И вот, словно мало ей было мучительной мигрени, бесчисленных забот и хлопот, взвалила на себя Адалжиза тяжкую ношу, стала опекуншей племянницы, в которой ничего испанского и не было, которая готова, была поступиться принципами добропорядочности да еще и влюбилась в таксиста. Какая ответственность, какая обуза! но Адалжиза с божьей помощью выполнит свое предназначение: выбьет из Манелы дурь, спасет ее душу.
МЯТЕЖНИК — Спасая заблудшую душу, исполняя долг, возложенный на опекунов господом богом и судьей по делам несовершеннолетних, Адалжизе предстояло действовать в одиночку, на свой страх и риск: от бывшей футбольной звезды помощи ждать не приходилось — не мычит не телится, отмалчивается, пока тетушка с племянницей ведут словесные распри, а когда они перерастают в настоящий скандал и Адалжиза от нестерпимой обиды прибегает к карательным мерам, ни словечка не говоря, схватит шляпу — и шасть в дверь.

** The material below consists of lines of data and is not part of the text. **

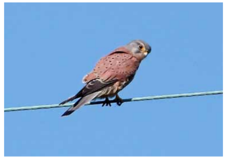
Torenvalkman zoekt voedsel.

Van 6 t/m 14 mei wordt overal in Nederland de Nationale Vogelweek gehouden. IVN West-Friesland heeft hart voor vogels en helpt ze op allerlei gebied, van weidevogelbescherming op de grond, oeverwaluwand in het open veld en Uilen- en andere vogelkasten ophangen in de boom. Daarna volgt de inventarisatie van al dat broedsel en het onderhouden van die vogelverblijven. Er is veel aandacht, kennis en passie voor vogels onder de IVN-gidsen.
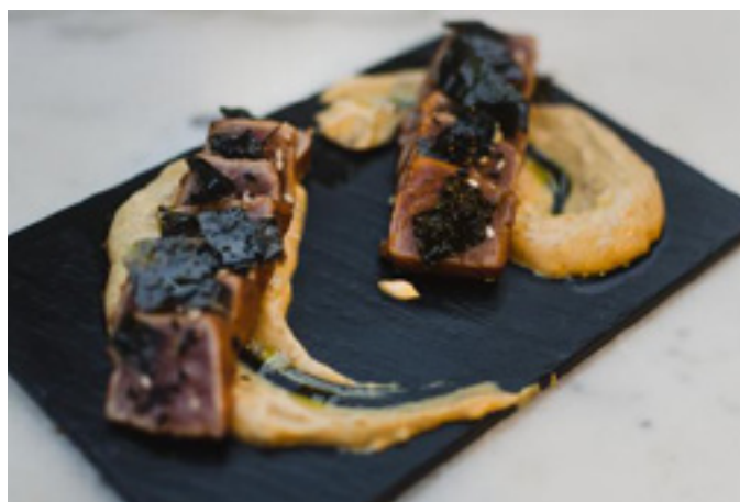
Tapaki de atún 12,5€
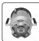
Juego mecánico 100% refabricable.
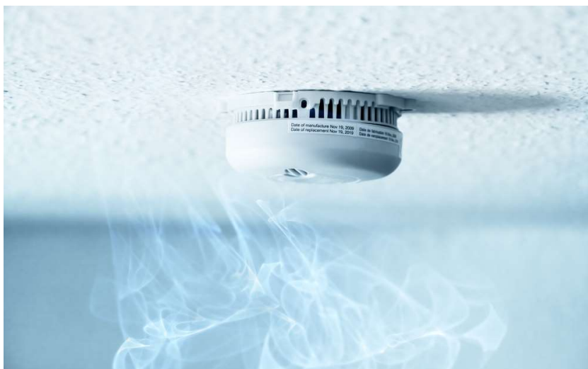
Slika 7 Uređaj za detekciju plina i dima

Ako nema upozorenja ili je upozorenje lažno ili je reakcija loša u prva dva stupnja i vatra dosegne točku bljeskanja razvijajući maksimalnu temperaturu, tada su izgledi za zaustavljanje požara manji. Tipični sustav za otkrivanje požara na brodu uključuje senzore (požar/dim/toplina) i alarmnu ploču (u vatrogasnoj stanici i na mostu). Detektori požara/dima/topline osmišljeni su da daju vidljivi i zvučni alarm na plovilu kako bi ukazali na mjesto požara. Detektori na cijelom brodu povezani su s vatrogasnom kontrolnom pločom koja daje vizualna i zvučna upozorenja i moguće alarme i u drugim dijelovima plovila. Dodatno su na brodu instalirane ručne alarmne kutije, dajući mogućnost posadi da ručno aktivira alarm. Standardizirane protupožarne patrole također su dodatno sredstvo detekcije, posebno na velikim ili putničkim brodovima.
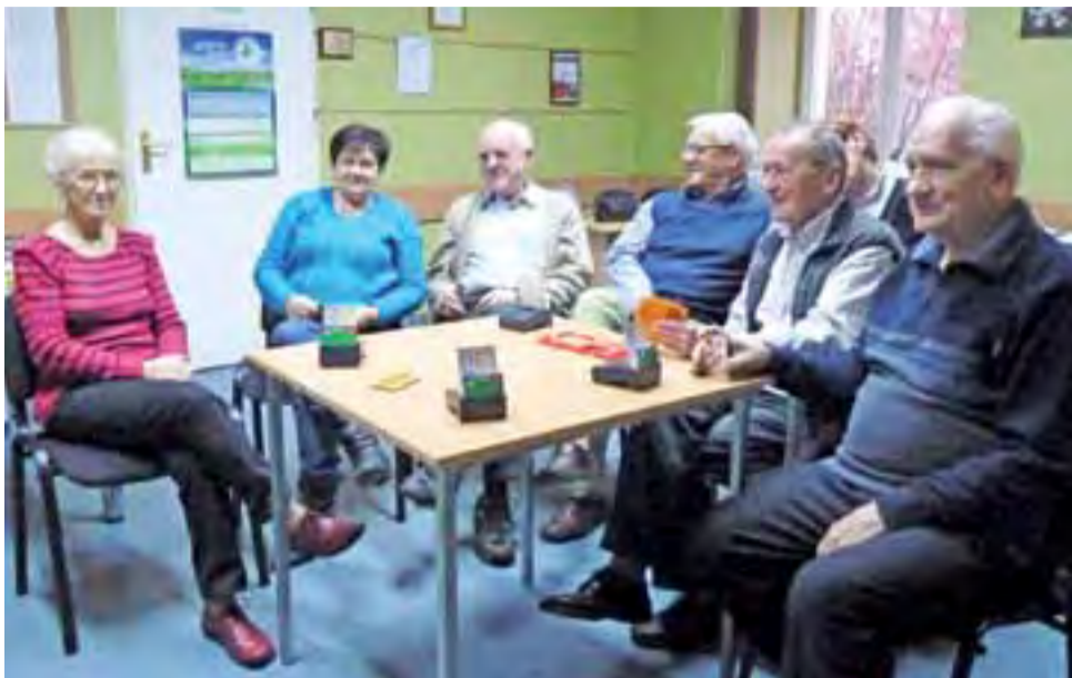
Członkowie kółka brydżowego przed rozpoczęciem gry.
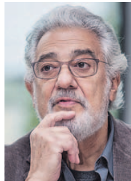
El tenor español.

«Por supuesto, las denuncias anónimas no son tolerables en una justicia democrática», recuerda Asúa. «Ni se puede dar por bueno algo que no esté mínimamente documentado», añade. Desde el punto de vista penal, además, algo ocurrido hace

Если в этот день был матч, он шел к Кинкасу Сгинь Вода: в его кабачке собирались ярые болельщики и стоял телевизор.
Нельзя сказать, чтобы ссоры эти оставляли его вовсе уж безучастным — напротив, они его глубоко огорчали. Методов своей жены он не одобрял, и она это знала. Когда все еще только начиналось, когда наказания входили в обиход, он произносил протестующие речи, осуждал Адалжизу за несдержанность и вспыльчивость, за непомерную строгость кары. Немало горьких слов сказано было и по поводу плетки. В пылу спора о воспитании он обозвал Адалжизу мачехой, и притом самой мерзкой мачехой в мире.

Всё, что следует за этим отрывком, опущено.